流量計メーカーによっては、対応する積算計(指示積算計)を純正品として提供しており、相性や設定の煩雑さを避けられる場合があります。
計量法対応(検定品)の必要性
取引計量(販売・購入量の算定に使う計量)に流量積算計を使用する場合、計量法に基づく検定を受けた計量器を使用する義務があります。
検定に合格した積算計には検定証印が付され、有効期間内に定期検査を受けることが義務付けられています。
工場内の生産管理・省エネ管理などの自社内使用の場合は検定の義務はありませんが、精度管理の観点から校正を定期的に実施することが推奨されます。
防水・防爆仕様の確認
設置環境に応じた保護等級(IP規格)と防爆仕様の確認も重要な選定ポイントです。
屋外・洗浄水がかかる環境ではIP65以上の防水防塵性能が必要です。
可燃性ガス・蒸気が存在する危険場所では、防爆構造の認定を受けた積算計を使用しなければなりません。
日本では防爆構造規格(労働安全衛生法・消防法)に基づく認定品の使用が義務付けられており、設置場所の危険区域分類に対応した機種を選定します。
スマート化・IoT対応積算計のメリット
近年はクラウド連携・スマートフォン対応・AI分析機能を持つ次世代流量積算計が登場しています。
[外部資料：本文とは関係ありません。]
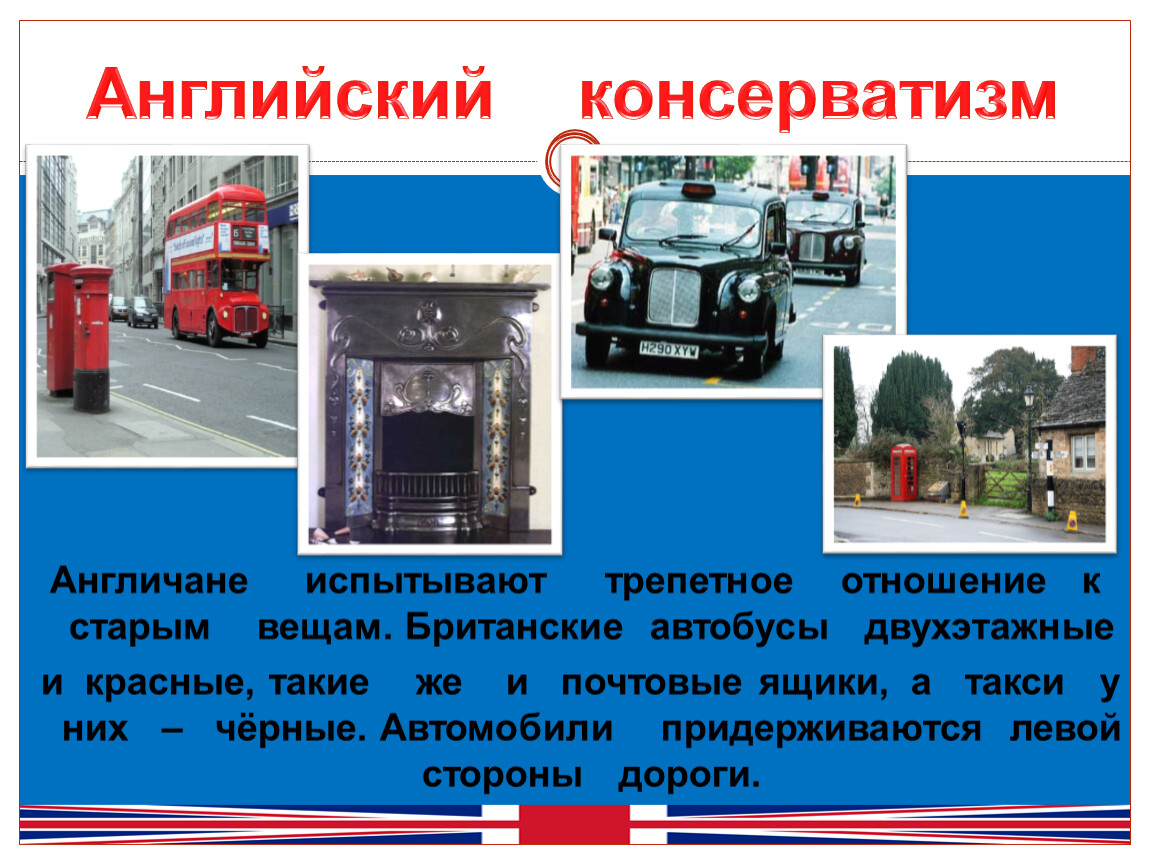 и красные, такие же и почтовые ящики, а такси у них – чёрные. Автомобили придерживаются левой стороны дороги.

リアルタイムでの使用量把握・アラート通知・レポート自動生成により、エネルギー管理業務の大幅な効率化が可能となります。
複数拠点の積算データを一元管理するクラウドプラットフォームと連携することで、グループ全体のエネルギー使用量の可視化・分析・報告が容易になります。
導入コストはやや高くなりますが、管理工数の削減・省エネ効果の最大化という観点から長期的なROI(投資対効果)は高いケースが多いでしょう。
まとめ
本記事では、流量積算計(トータライザー)の基本的な機能と仕組み、瞬間流量と累積流量の違い、主な用途(計量・課金・製造管理・環境管理・エネルギー管理)、データ収集・記録・通信機能、選定のポイントまで体系的に解説しました。
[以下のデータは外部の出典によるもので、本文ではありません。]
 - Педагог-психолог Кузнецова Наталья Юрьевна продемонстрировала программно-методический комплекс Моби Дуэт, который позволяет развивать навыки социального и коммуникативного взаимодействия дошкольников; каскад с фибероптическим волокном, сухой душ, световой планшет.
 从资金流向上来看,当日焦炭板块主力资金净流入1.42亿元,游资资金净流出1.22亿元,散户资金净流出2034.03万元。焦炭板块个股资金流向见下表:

流量積算計は、流量の「今の値」を把握する流量計と組み合わせることで、使用量の累積管理・コスト管理・省エネ管理・環境対応という多くの目的を同時に実現できる重要な計器です。
通信機能・データロギング・クラウド連携などのデジタル化が進む中、スマートな積算計の活用でエネルギー管理・生産管理の効率を大きく高めることができるでしょう。
用途・設置環境・計量法対応の要否を整理した上で、最適な流量積算計を選定してください。